In the night I hold The Journalist fiercely, blinding myself to the pain as I tell him, love me.
~
Apartheid made life simple, polemic. Everything that was bad and evil emanated from the white racist government. The ANC was the recipient of all our sympathy. In Johannesburg the young white baby-faced police force was often on campus with teargas and rubber bullets, playing hide-and-seek with the students, synonymous to them with communists and terrorists. Sometimes I accompanied the African Literature Guy to the local jail to bail out arrested students and give them a ride home.
~
The African Literature Guy has strong hands, which demand my attention. They give him away. I see a strength there that is not in his face or his voice. I see someone who has been buried. I try to dig him up, feeling strong, large.
I only see The Journalist at night, and like it when the lights are out.
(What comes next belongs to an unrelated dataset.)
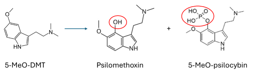The authors make the claim that the enzymatic reactions that produce psilocin are “unexpected” for 5-MeO-DMT and therefore the synthesis of psilomethoxin is “unsubstantiated.” The authors are ignoring the 1988 study by Jochen Gartz where the transformation of diethyl‐tryptamine into 4‐hydroxy‐N,N‐diethyltryptamine (3.3%) and a minor quantity of 4‐phosphoryloxy‐N,N‐diethyltryptamine (≤0.8%) was produced by the Psilocybe cubensis mushroom in an example of biosynthesis of tryptamines. This IS a peer-reviewed article: Gartz J. Biotransformation of tryptamine derivatives in mycelial cultures of Psilocybe. Journal of basic microbiology. 1989;29(6):347-52.

Then I listen to his voice; it is warm and strong. I don’t breathe in his smell or touch the sagging skin at his neck. Any terror of death or time is hidden under my skin. One day the terror begins to erupt. At twenty I have a face full of acne. It stays with me for years, after Africa, after The Journalist.
~
I write this book from an obscure place along the journey. The narrative does not develop in a linear fashion.
I look back from a place in California, in a small café where I work for five dollars an hour. Before sunrise the streets of the Californian coastal town are wet. Men in overalls hose down the debris, the broken bottles and grotty remnants of Saturday night. In the café, I begin making the first cappuccino. I pour the white bubbles of milk foam into the muddy espresso, and stir it in, leaving golden streaks and trails through the foam. I am caught in an image of golden waving grasses in a place and time far from this one.
When the Beach Police come in for coffee I retreat to the back of the store and let someone else serve them. I am the Girl with the British accent. People think I am about sixteen. I tell some of them that I’m twenty-five and not from England at all.
Vivid images from my life begin after all this time, to emerge in the milk. I can hardly believe what I am doing; can hardly comprehend that every captured image in my life was a step towards this one. There are two books published, and others written, but I’ve had no luck for years and have become despondent. I have always kept a journal, recording events so that nothing would remain uncaptured.